Monday, 22 July 2013

At The Intersection of The Rehtaeh Parsons Case and Freedom of Expression


The Rehtaeh Parsons story took another turn last week with the release of a report by new Canadian Federal Justice Minister, Peter MacKay. The report calls for a new law and vague investigative powers to cover a 'gap' in the criminal code regarding the 'sharing of intimate images'. [CBC Article]

While this may sound good on the surface, what lurks beneath is a connection to the conflicting feelings of The Conservative Party in regards to privacy and freedom of expression. In case it needs repeating there are existing laws to cover this case: Child Pornography and sexual assault. Those laws may be inadequate and outdated, but they exist. So why create a new and tangentially related one?

The laws in Canada covering the recording of conversations and images are remarkably open when compared with American law. In the United States, I can't record a phone call without notifying the other party. In Canada it's a bit more complex, but a simple test determines if you can clandestinely record a conversation in video or audio.

Section 184(2)(a) of the Criminal Code of Canada covers the exceptions, and the first one is that if you are one of the intended recipients of a private communication, you may record it.

You can record any interaction you have -public or private- and publish it, without notifying the person you are recording. Permission is not required. The kicker is that you have to be an active participant in the event. So I can walk into a mechanics shop and record the conversation I have with the mechanic. However, if I leave the camera behind without permission to record them while they work -that constitutes spying- which we also have laws to cover. A more detailed explanation can be found here.

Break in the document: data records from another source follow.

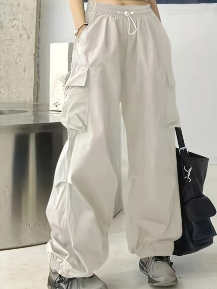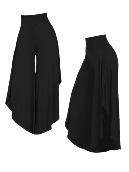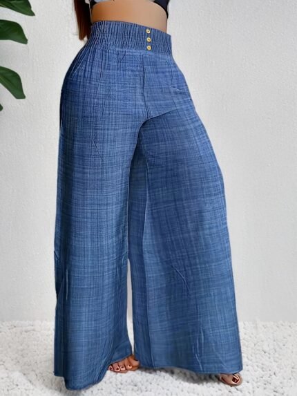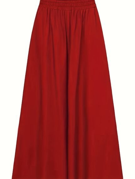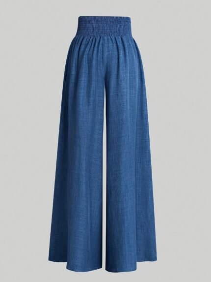 Solid Palazzo Pants – Casual Wide-Leg Elastic Waist, Women’s Clothing
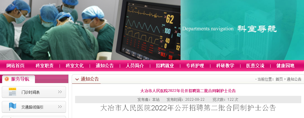 在大冶市人民醫(yī)院網(wǎng)站發(fā)布招聘信息。
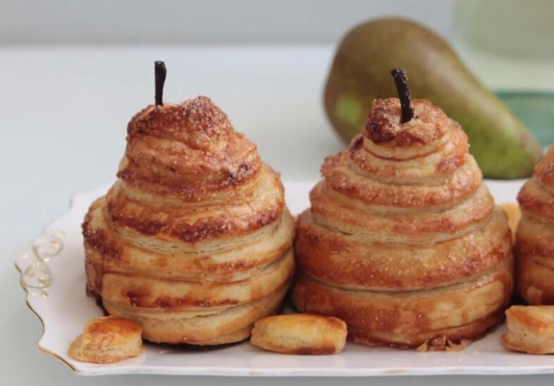 Груши чистим и режем полукольцами. На сковороду кладём сахар, растворяем его, как только сахар потемнел добавляем масло, перемешиваем и добавляем груши. Даём грушам протомиться в карамели пару минут и выключаем. Тесто не раскатываем!!! Делим каждый пласт теста на три части, формируем бортики и вилкой протыкаем серединку. В каждую слоечку кладём но ложечке творожного сыра и раскладываем груши. Смазываем бортики оставшимся карамельным сиропом и выпекаем при 180 градусах 15 минут. Приятного аппетита

As an activist, this law has shielded me on numerous occasions. It affords Canadians an important tool when it comes to personal activism, journalism, and posting content to the web.

Following an article in the Chronicle Herald, Anonymous helped propel this story to international status. The nebulous collective of activists now notorious as 'Hacktivists' are the experts at getting attention. But in this case one of the few universal beliefs of Anonymous -Freedom of Expression- is about to collide head on with the pet cause of a large subset within itself: Rape Culture.

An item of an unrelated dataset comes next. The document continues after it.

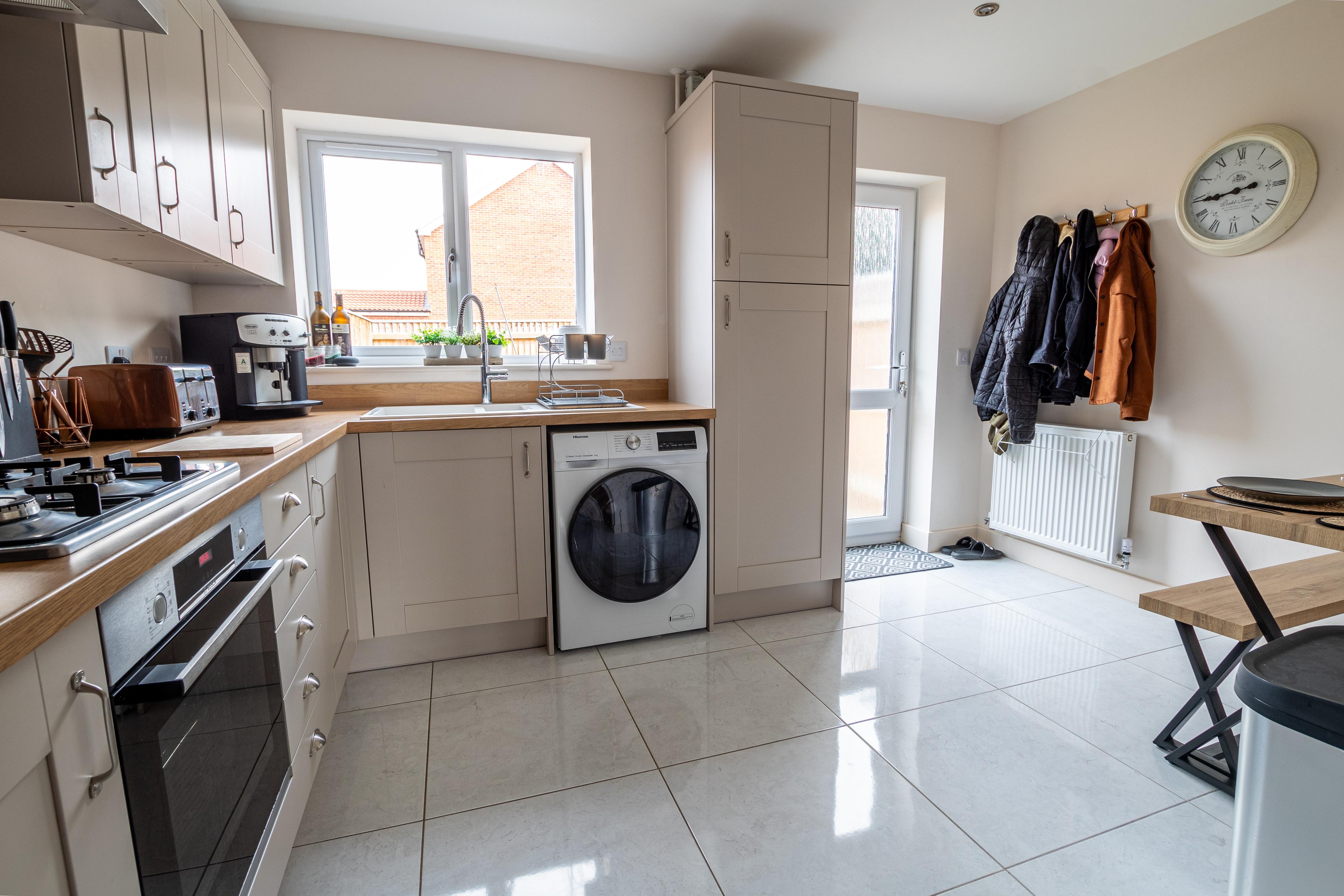 Opening onto a large living room, what is immediately apparent is the quality of decoration, fixtures and fittings this home offers. Decorated to a tasteful, neutral pallet it offers all the modern conveniences that you would expect from a home that was built in 2021. The living area flows into a rear facing kitchen-diner that is equipped with a healthy array of quality, modern units and the floor is finished with large porcelain tiles.

Anon in Uncomfortable Position

I reached out to a very active Anonymous activist intimately familiar with the Parsons case, and asked him a direct question: “Do you have any concerns that the proposed 'Intimate Images' law could impact freedom of expression in Canada?”

ANSWER: “I'm concerned it would be really broad. We have to think about the big picture though. I don't want to wade in on how various elements of Anon could clash over this, but censorship does have its place. We don't want to limit freedom of expression, but sexual pictures of thirteen year-olds should have no place on the internet.” - Anonymous

The Rob Ford Connection

But this law wouldn't only be for child pornography, it would cover consenting adults as well. This development leads to a dangerous question many of us have feared to ask ourselves: what if Rob Ford had been smoking a crack pipe while nude? 

Clear cut situations like a 15 year old Rehtaeh Parsons vomiting out of a window while being sexually assaulted should be relatively easy to cover. The problem is, it's also easy for a reactionary law to be used for unintended purposes. Unless it is incredibly well written and specific, such a law could have in theory protected the dear leader of Toronto in his video scandal. 

It also provides an easy sound-byte sized attack against anyone who opposes it. This proposed law is a conservative political strategist's dream. All they need do is tinker with a few words, and Prime Minister Harper will have a political weapon to fight his opponents with... if anyone dares to criticize it.

**TW; means trigger warning, to advise sexual assault survivors of potentially upsetting content.